One of the most prominent features of the pusher is the high superstructure rising 22 m from the waterline. In addition to accommodation, mess and dayroom for the crew of nine, it initially housed two bridges at different levels. The lower bridge on the third deck was originally intended to be used when the pusher is operating on its own without a barge, allowing more comfortable conditions for the crew — the chairs in the upper bridge on the seventh deck were equipped with seatbelts due to the large motions of the vessel when operating independently. However, the lower bridge was rarely used, and the space was later converted to an office. The upper bridge, with bridge wings extending beyond the pusher's breadth, is equipped to allow one man bridge operation.

=== Power and propulsion ===

Propulsion power is provided by two six-cylinder Sulzer 6ZAL40 4-stroke medium-speed diesel engines running on heavy fuel oil, manufactured under licence by Wärtsilä, each with a maximum continuous output of 3840 kW at 380 rpm, giving the combination a service speed of 13.4 kn.

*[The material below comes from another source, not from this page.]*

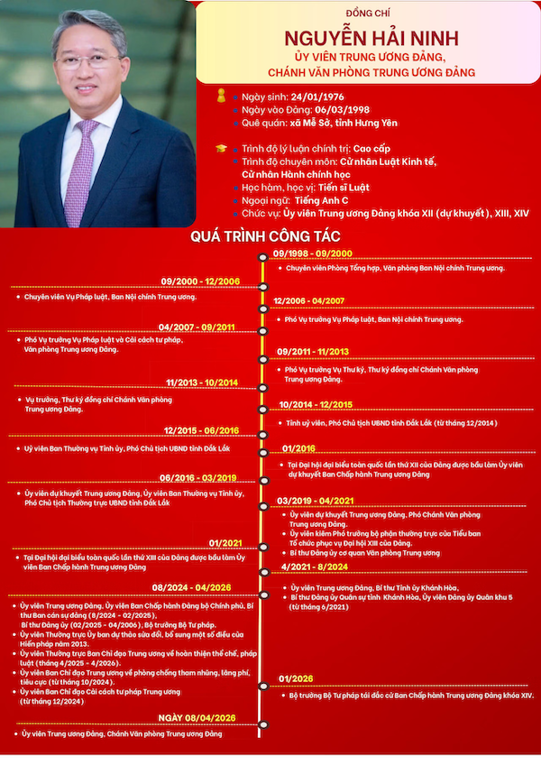 Sáng ngày 8/4, tại Trụ sở Trung ương Đảng, Bộ Chính trị đã trao quyết định điều động, phân công, bổ nhiệm đồng chí Nguyễn Hải Ninh, Ủy viên Ban Chấp hành Trung ương Đảng, Bộ trưởng Bộ Tư pháp giữ chức Chánh Văn phòng Trung ương Đảng. Cổng thông tin điện tử Bộ Tư pháp trân trọng giới thiệu tóm tắt tiểu sử của đồng chí Nguyễn Hải Ninh, Chánh Văn phòng Trung ương Đảng.
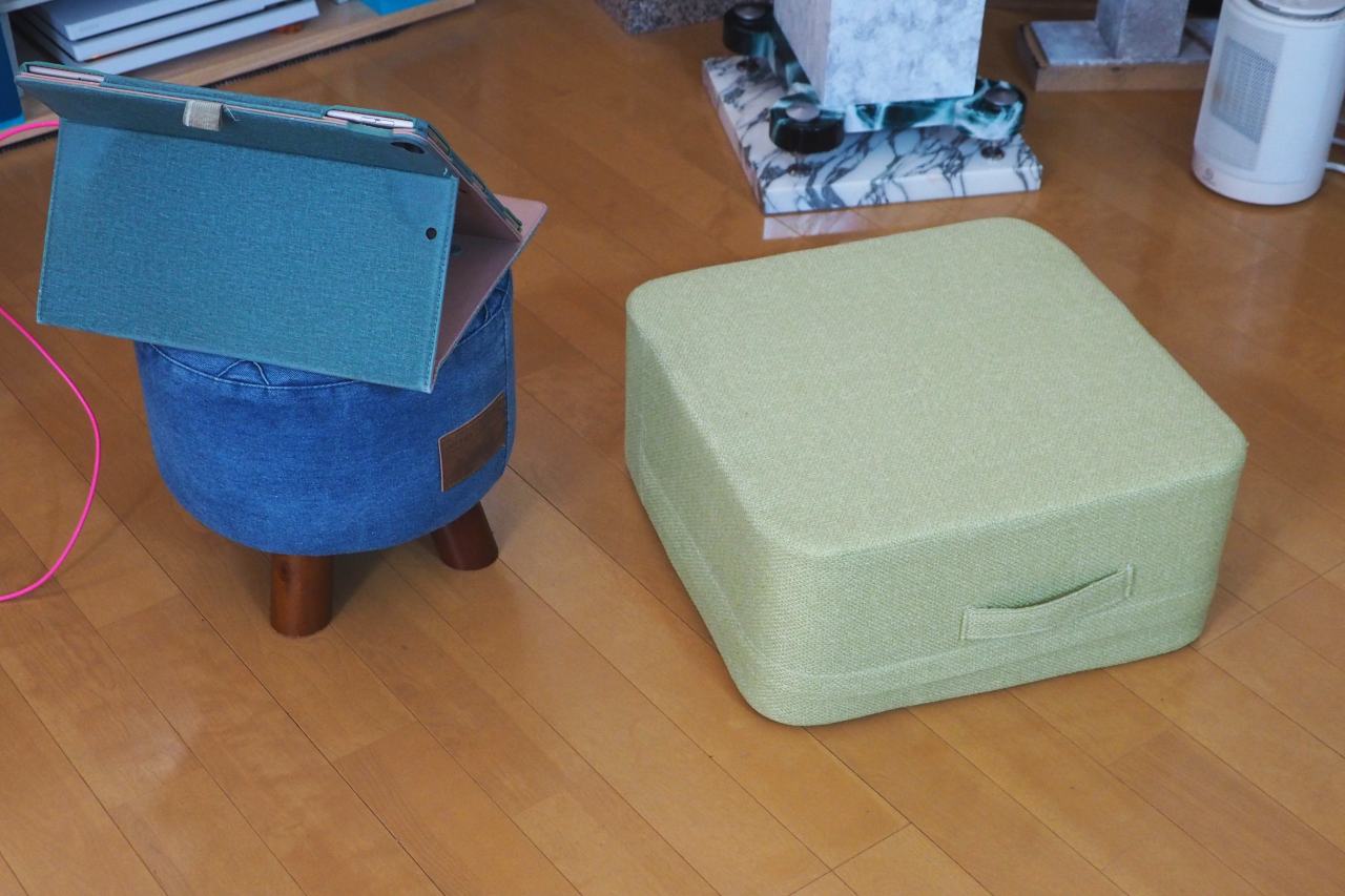 1000Hの真価を聴くには、どうしても床上高さ20cmの椅子が必要だった。。。そんなイス売ってません。クッションでもなかなか無い。

A Lohmann & Stolterfoht reduction gearbox connects the main engines to a propeller shaft driving a 4.7 m four-bladed Rauma-Repola Liaaen controllable-pitch propeller and a 900 kVa Strömberg shaft generator used to power the bow thruster in the barge. The main engines are equipped with steam-generating exhaust boilers to improve the overall efficiency of the power plant. Electricity is provided by two Wärtsilä-Vasa 4R22HF diesel engines, each producing 590 kW at 1,000 rpm, that are connected to 710 kVa Strömberg alternators. The auxiliary generating sets are mounted side by side above the propeller shaft due to the narrow hull. A 158 kW Volvo Penta TMD102A emergency generator is located on the main deck level in the smokestack.